This means a key is always available even if 2 of 3 replicas are down — the CAP theorem tradeoff made explicit by where you set your read/write quorum (QUORUM, ONE, ALL).

Token Ranges in Cassandra

In Cassandra, each vnode owns a token range — a slice of the 64-bit integer space. The full space is divided into as many ranges as there are vnodes. With 3 servers × 256 vnodes = 768 token ranges, each server owns 256 non-contiguous slices spread evenly around the ring.

When you run nodetool status, you see each node's token assignments. Adding a node causes Cassandra to transfer only the affected token ranges — typically 1/N of total data.

Consistent Hashing in Redis Cluster

Redis Cluster uses a variation: 16,384 hash slots (not a continuous ring, but a segmented space). The CRC16(key) % 16384 formula assigns keys to slots; slots are manually assigned to nodes. This gives operators explicit control over rebalancing — you move slots between nodes rather than relying on automatic ring placement.
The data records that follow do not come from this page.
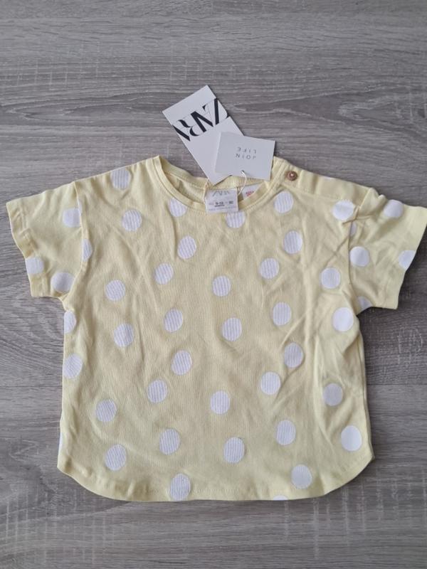 очень классная и качественная футболка для девочки размер 9-12мис (80см), приятный нежно желтый цвет
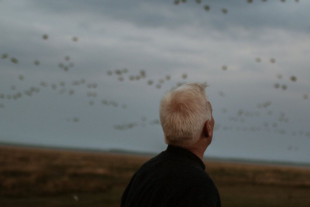 Man looks up at flying swallows. Photo taken at sunset in Schiermonnikoog, Netherlands
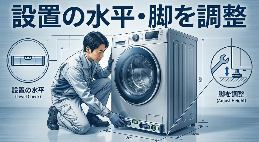 - 衣類側で改善しないなら、脚のガタつき確認と水準器での水平確認を行い、調整後は緩み止めを固定して再発を防ぎます
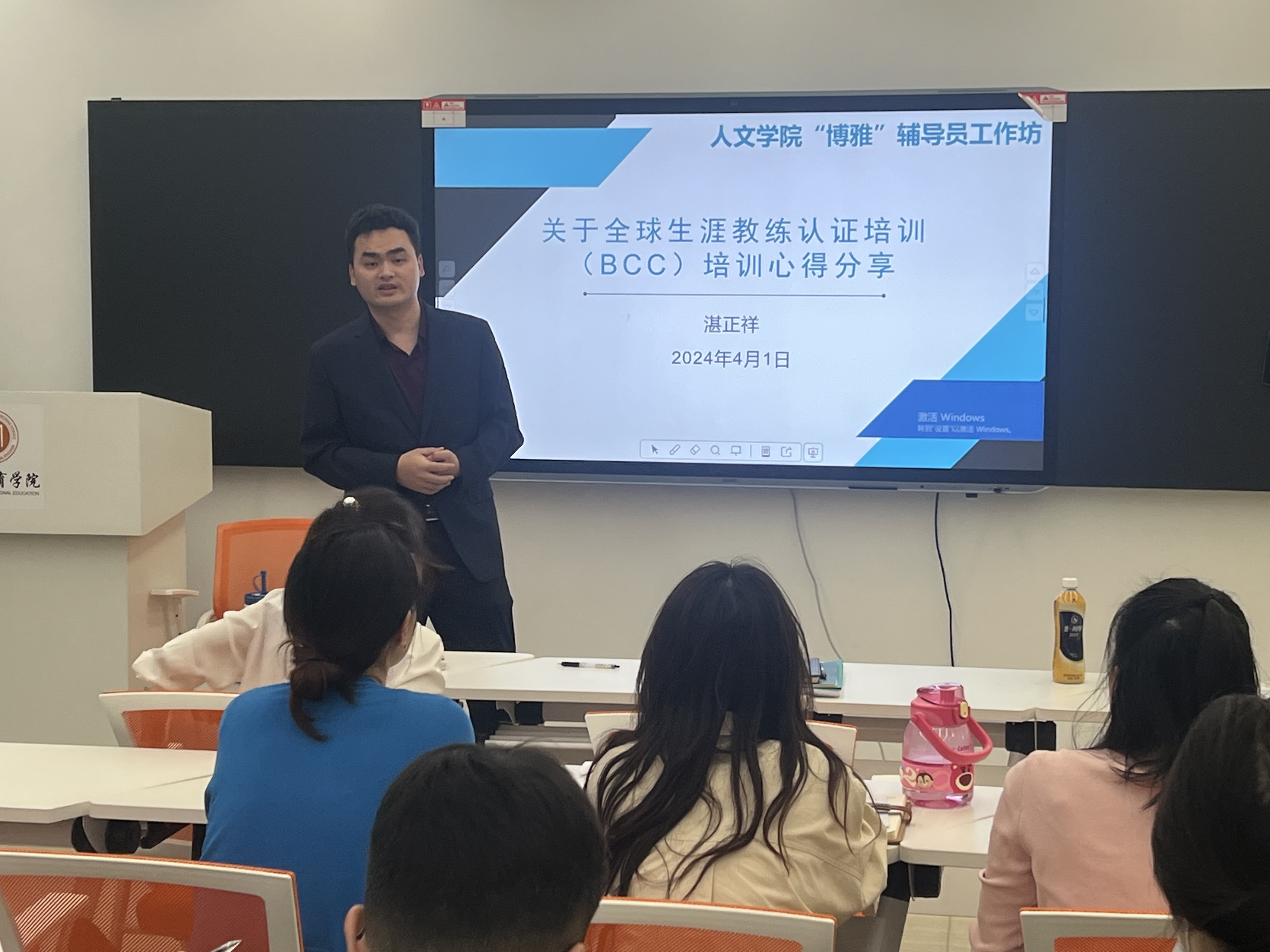 本网讯 (通讯员 吴靖)为进一步提升学院辅导员职业能力,为学生生涯规划提供更加专业的指导,帮助学生更好地解决各类问题,4月1日下午,人文学院召开“全球生涯教练认证“培训”会。人文学院党总支书记湛正祥为全体辅导员授课。

🧭 Decision Guide: When to Use Consistent Hashing: Decision Guide

Use consistent hashing when:

Building a distributed cache (Memcached, Redis Cluster) where servers join/leave regularly.
Partitioning a distributed database (Cassandra, DynamoDB) and minimizing data movement is critical.
Implementing a load balancer with session affinity — route a user to the same backend on every request.
Building a content delivery system where edge nodes are added or removed based on demand.

Skip consistent hashing when:

Your dataset fits on one server — no sharding needed.
You need range queries across sorted keys — B-tree-based range sharding is better.
You need exact control over which shard holds which data — explicit mapping beats ring placement.

Signal	Recommendation
Nodes join/leave frequently	✅ Consistent hashing
Distributed cache with many servers	✅ Consistent hashing
Need sorted range scans	❌ Use range-based sharding
Single server or very small cluster	❌ Overkill — use `key % N`

🌐 Real-World Architecture: Amazon DynamoDB

DynamoDB's storage layer uses consistent hashing with virtual nodes to distribute table partitions across its fleet of storage servers. Here is a simplified read path:

flowchart LR
    Client -->|PutItem: userId=123| R[DynamoDB Router]
    R -->|hash(userId=123)| Ring[Virtual Node Ring]
    Ring -->|token match| S1["Storage Node A (primary)"]
    S1 -->|replicate| S2[Storage Node B]
    S1 -->|replicate| S3[Storage Node C]
    S1 -->|ack| R
    R -->|200 OK| Client

When AWS adds capacity to a DynamoDB region, new storage nodes join the ring and absorb only the adjacent token ranges. No global reshuffle happens. A customer writing to userId=123 at the same moment the ring is being rebalanced continues to succeed — the router just uses updated ring metadata for new requests.

The same principle applies to:

Amazon S3 internal object placement.
Apache Cassandra deployed by Netflix for viewing history at petabyte scale.
Discord using Cassandra's consistent hashing ring for message storage across 19 billion messages daily.

🧪 Practical Setup: Consistent Hashing in Python

Here is a minimal consistent hashing implementation showing the core data structure:

import hashlib
from sortedcontainers import SortedDict

class ConsistentHashRing:
    def __init__(self, vnodes=150):
        self.ring = SortedDict()
        self.vnodes = vnodes

    def _hash(self, key: str) -> int:
        return int(hashlib.md5(key.encode()).hexdigest(), 16)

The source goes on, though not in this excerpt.